Educational content only. This article is not medical advice, a diagnosis, or a treatment recommendation. It does not create a physician-patient or provider-patient relationship. Clinical decisions should be made with your treating physician.
Before You Read

This guide explains staging terminology as it appears in pathology reports. It is educational, not clinical. What your specific stage means for your treatment, prognosis, and follow-up care is a conversation for your treating physician and oncology team, who have the full clinical picture.

Somewhere near the end of your pathology report — often in the diagnosis line or in a separate synoptic section — you may see a designation like pT2 N0 M0 or pT3a N1 MX. This is your pathologic stage, and it is one of the most important summaries in the entire report.

Most patients receive their pathology report without any explanation of what these letters and numbers mean. This guide walks through each component so you can understand what your report is describing before your next appointment.

What Is Staging?

Cancer staging is a standardized system for describing how advanced a cancer is at the time it is evaluated. The most widely used system is TNM staging, developed and maintained by the American Joint Committee on Cancer (AJCC) and the Union for International Cancer Control (UICC). The system describes three dimensions of the cancer:

Each component is assigned a number or letter that describes the specific finding. Together, the T, N, and M values are combined to produce an overall stage grouping — typically Stage I through Stage IV — which describes how advanced the cancer is overall.

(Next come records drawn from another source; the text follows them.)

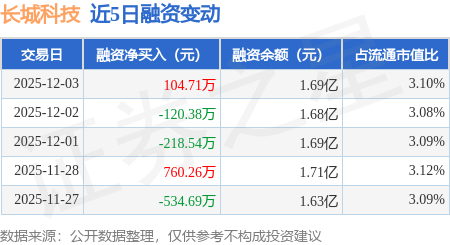 证券之星消息,12月3日,长城科技(603897)融资买入580.36万元,融资偿还475.66万元,融资净买入104.71万元,融资余额1.69亿元,近20个交易日中有11个交易日出现融资净买入。
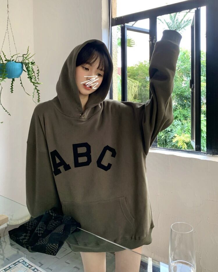 【韓国通販 dgo】2colors レタープリント プルオーバー フーディー 厚手 アイボリー/グリーン(W3158)
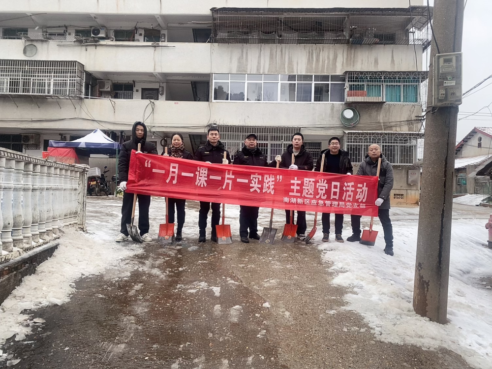 寒潮裹挟着低温雨雪突袭全城,致使各处道路积雪结冰,给居民日常出行埋下安全隐患。为保障群众出行平安,1月20日,岳阳市南湖新区应急管理局党支部以党建为引领,联动飘尾社区,召集党员志愿者与热心居民,打响一场铲冰除雪的“暖心战役”。
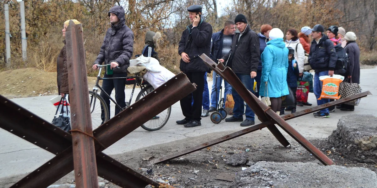Checkpoint bei Luhansk zwischen ukrainisch kontrolliertem Gebiet und dem der Rebellen. Foto: imago
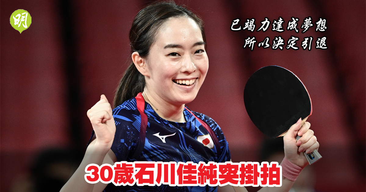 日本女乒主力石川佳純今日(1日)宣布結束16年國家隊生涯,以30歲之齡掛拍。她在社交網撰文指,「感到自己已竭力達成夢想,所以決定引退」。
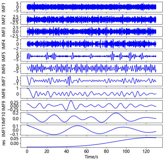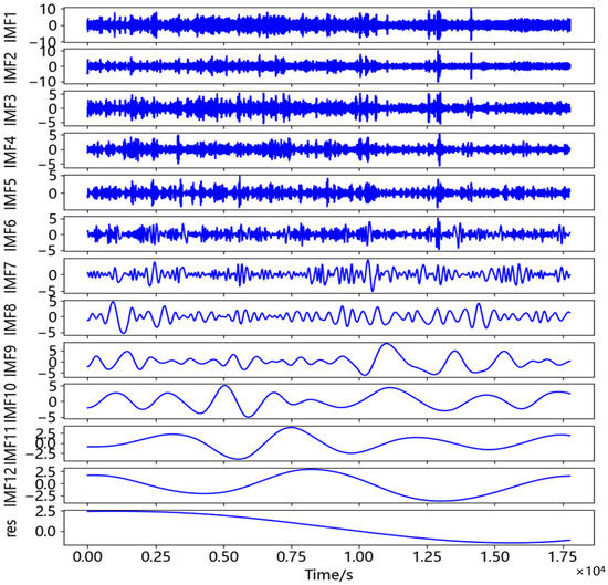 - The original signal was decomposed into each order modal component (IMF component) and a residual component (res component) by CEEMDAN.
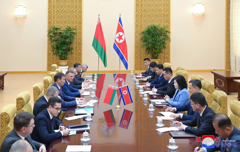 朝鲜外务省副相金正奎等外务省官员和白俄罗斯外交部长一行参加了会谈。
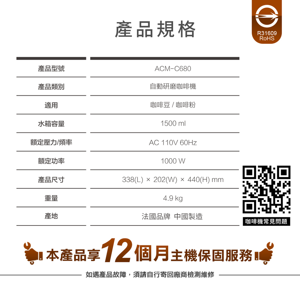 法國 阿基姆 AGiM 美式大咖冷熱雙萃全自動研磨咖啡機 ACM-C680
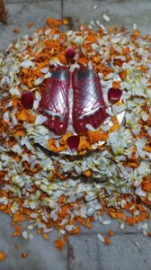 चोरी: माता के चरणों से चांदी की पादुका गायब मिली।
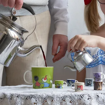 Disse minikoppene med Mummimotiv fra Moomin Arabia er den andre delen i serien med minikopper. Dette settet består av seks kopper med de samme illustrasjonene som de klassiske koppene fra 2001–2005, men i miniformat. Disse minikoppene har et motiv av noen av innbyggerne i Mummidalen: Stinky, Sniff, Filifjonka, Hemulen, Hufsa samt Tufsla og Vifsla. Høsten 2019 ble de seks første klassiske koppene lansert i miniformat. Suppler samlingen din med dette andre settet med klassiske kopper i miniformat som ble lansert høsten 2020.
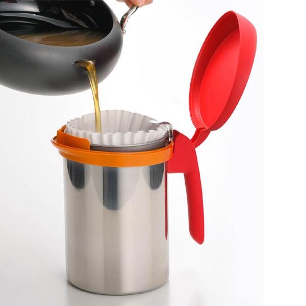 フィルターをセットし、ろ過パウダーを入れ、油が熱いうちに注ぐだけでのロカポットです。
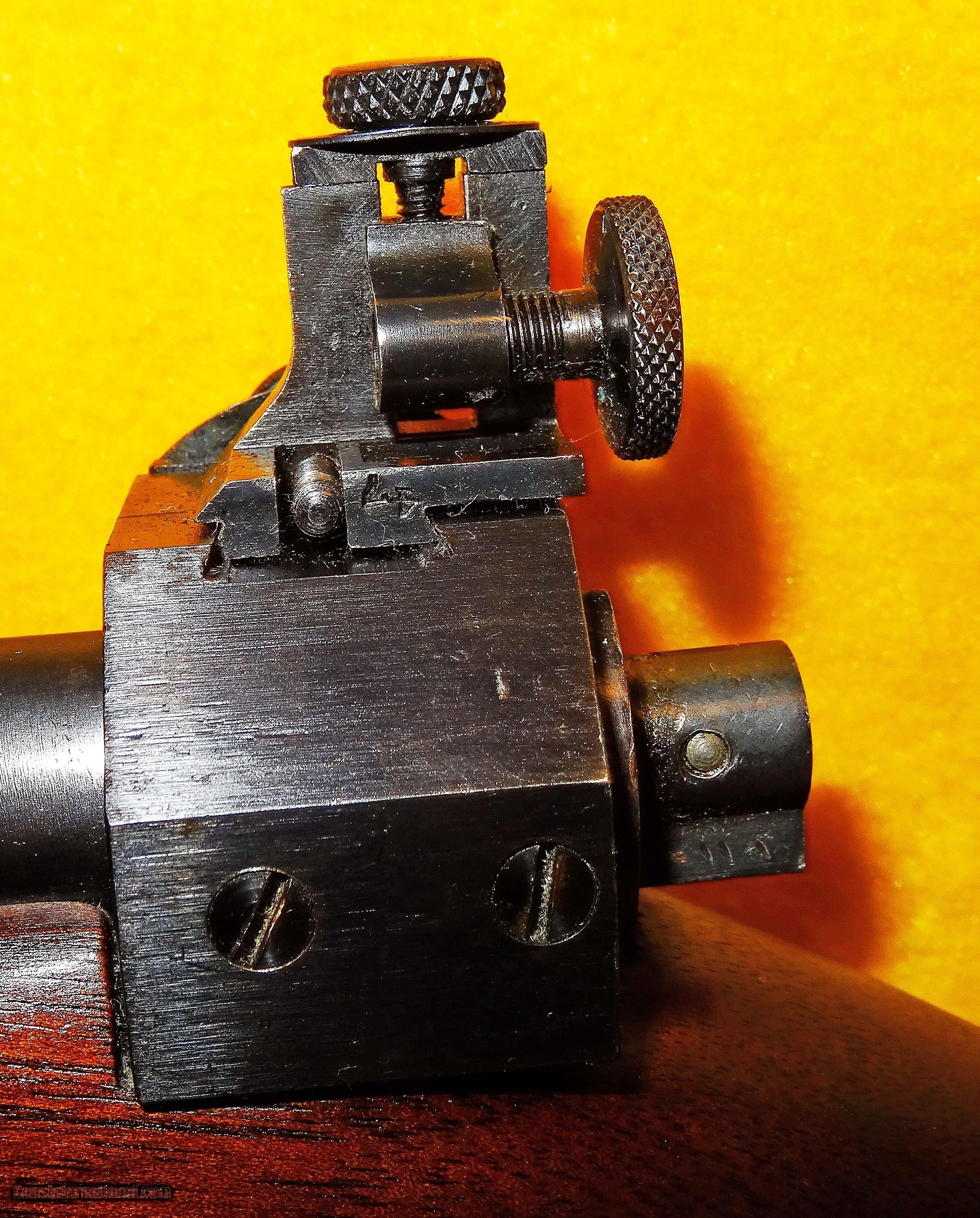 Description: STEVENS (CIRCA WWII) 416 (U.S. PROPERTY MARKED) IN .22 L.R. CAL., WITH 26" BARREL. COLOR BLUE. CONDITION 98%. SERIAL NUMBER 202216. STEVENS MODEL 416 (U.S. PROPERTY MARKED WITH FLAMING BOMB CIRCA WWII), X HEAVY TARGET BARREL WITH MIRROR BORE, WOOD EXCELLENT, REAR PEEP SIGHT, HOODED FRONT SIGHT, SET UP FOR A UNERTL STYLE SCOPE, COMES WITH A FACTORY FIVE ROUND MAGAZINE, 98% OVERALL CONDITION , OUR STOCK # D1299. SOLD |
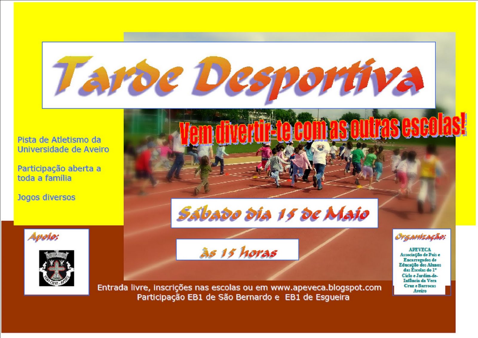 À semelhança do ano anterior a APEVECA vai realizar a Tarde Desportiva, no dia 15 de Maio, pelas 15h30 na Pista de Atletismo da Universidade de Aveiro, aberta a todos os alunos e seus familiares.
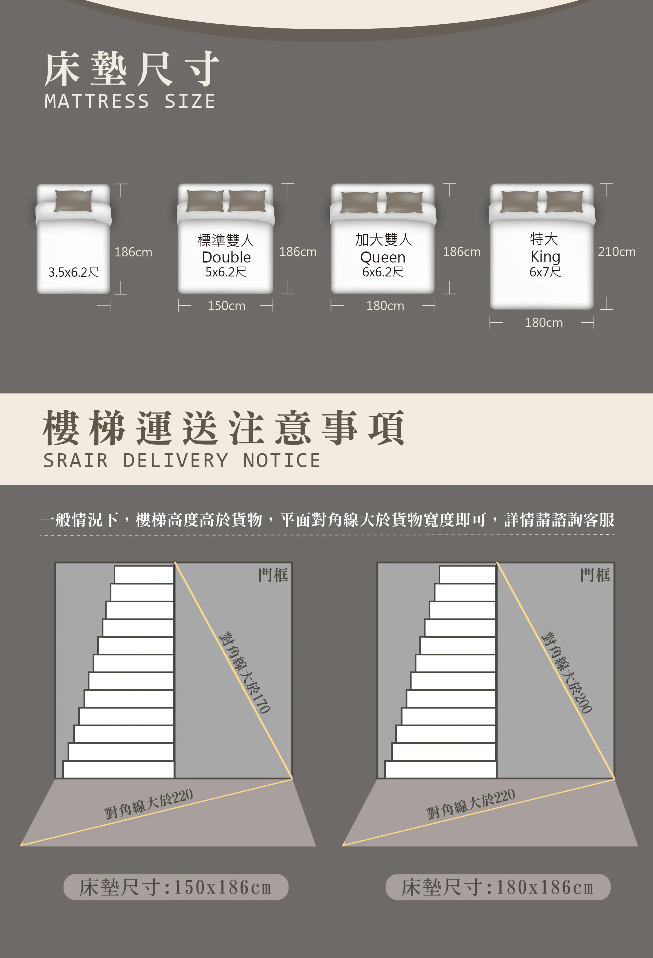 床高37公分,除了標準雙人床尺寸,另有加大單人床、加大雙人床(Queen Size)與特大雙人床(King Size)可選購
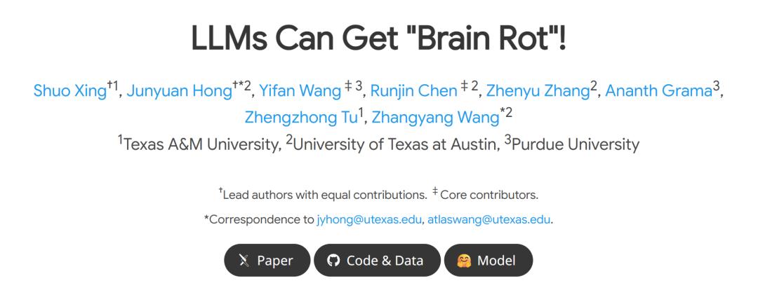 项目主页:https://llm-brain-rot.github.io/论文:https://arxiv.org/pdf/2510.13928
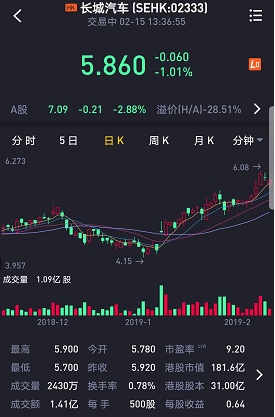 截至发稿,长汽(02333)跌1.01%,报5.86港元。
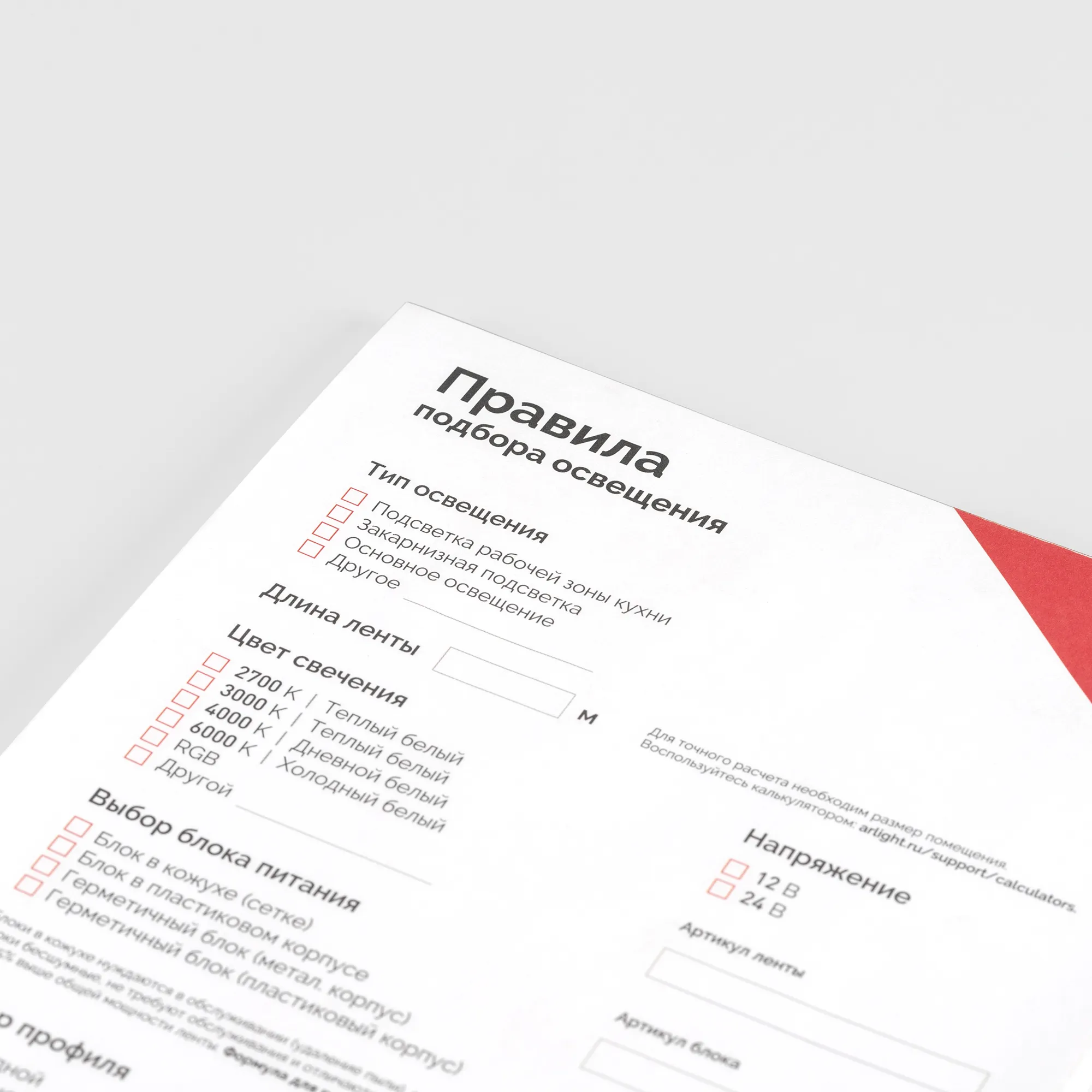 Блокнот- подсказка Правила подбора ленты, блоков питания, профиля и управления (Arlight, -)

What Does the Lowercase "p" Mean?

The lowercase "p" before TNM — making it pTNM — stands for pathologic. It means the staging is based on the examination of tissue that was surgically removed and analyzed in the pathology laboratory, rather than on imaging studies or clinical examination alone.

Pathologic staging is generally considered more accurate than clinical staging because it is based on direct examination of the tissue. The pathologist can measure the tumor precisely, examine the lymph nodes that were removed, and evaluate the surgical margins — all of which require the tissue to be in the laboratory.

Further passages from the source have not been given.